Development tourism without adult supervision-Reflections on Aftenposten’s Sweatshop documentary

I just watched the second season of Sweatshop, a documentary produced for the Norwegian newspaper Aftenposten (with English subtitles).

Four Norwegian fashion bloggers continue their investigation into the garment industry in Cambodia and their quest to lobby for a living wage for factory workers after spending the first season inside sweatshops.
Spoiler alert: Not much really happens in the 45 minutes the viewer is allowed to travel with the four young female fashion bloggers and yet, the documentary is an interesting case study in the context of ‘communication for development’.

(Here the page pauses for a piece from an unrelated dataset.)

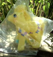 Baby Dancing Butterflies hat ein Zähnchen, Flügel, ist gelb und hat gelbe Haare. Als Symbole hat sie auf ihrem ganzen Körper Schmetterlinge. Iher Mutter ist: Dancing Butterflies (Ballerina).
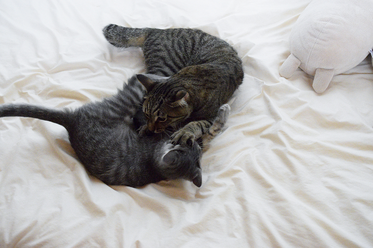 暑くてお外に出られないのでお家にいたら春太が張り切ってます。 ちょっとだけ相手をしてあげることにします。 飛んだり跳ねたり元気ですね。 虎と遊んだあとはネズミちゃんを咥えて一人で走り回っていました。 虎はお外でトンボを捕まえます。 バッタを追いかけます。 いっぱい走り回った後はお昼寝です。 人間がフェリウェイを買ってくれたので今日は虎もぐっすりスヤスヤです。 &nb...

While I will be critical and while it is difficult not to personalize the review, I do not want to expose the four fashion bloggers. They are playing a role, they have good intentions and they seem genuinely compassionate about the women and their lives they encounter during the journey.
Aesthetically, the documentary moves between music video imagery, gap-year tourism and an often pseudo-investigative approach that centers on the question why factories have guards at the gate and whether they can take a glimpse at one of the factories that supplies to global chains, primarily Swedish H&M.
But during all of this the four fashion bloggers still wear make-up, lip-gloss and tourist-appropriate short sleeve T-Shirts. Right from the beginning, the entire story is focusing on ‘the factory’ which immediately reduces complexity, globalization and value chains to one tangible theme: If factories treat workers OK and pay a living minimum wage of 177 USD/month the world will be a better place.

Re-Enacting a Human Rights Watch paper
The major source for data and providing credibility to the cause appears to be the 2015 Human Rights Watch report
Work faster or Get Out: Labor Rights Abuses in Cambodias Garment Industry  
and the documentary sometimes seem to re-enact the problems the report pointed out, as if road safety and fainting only become real when the four young women travel on the back of a truck and suffer from mild spells of dehydration.
In Episode 3 they are experiencing the hardship of home-based work themselves when they help one of the women who has a tight deadline for sewing labels on trousers.
In Episode 4, there is a half-hearted attempt to barge into a factory, which leaves the viewers with the revelation that factories are big, employ a lot of women, are noisy and quite hot inside.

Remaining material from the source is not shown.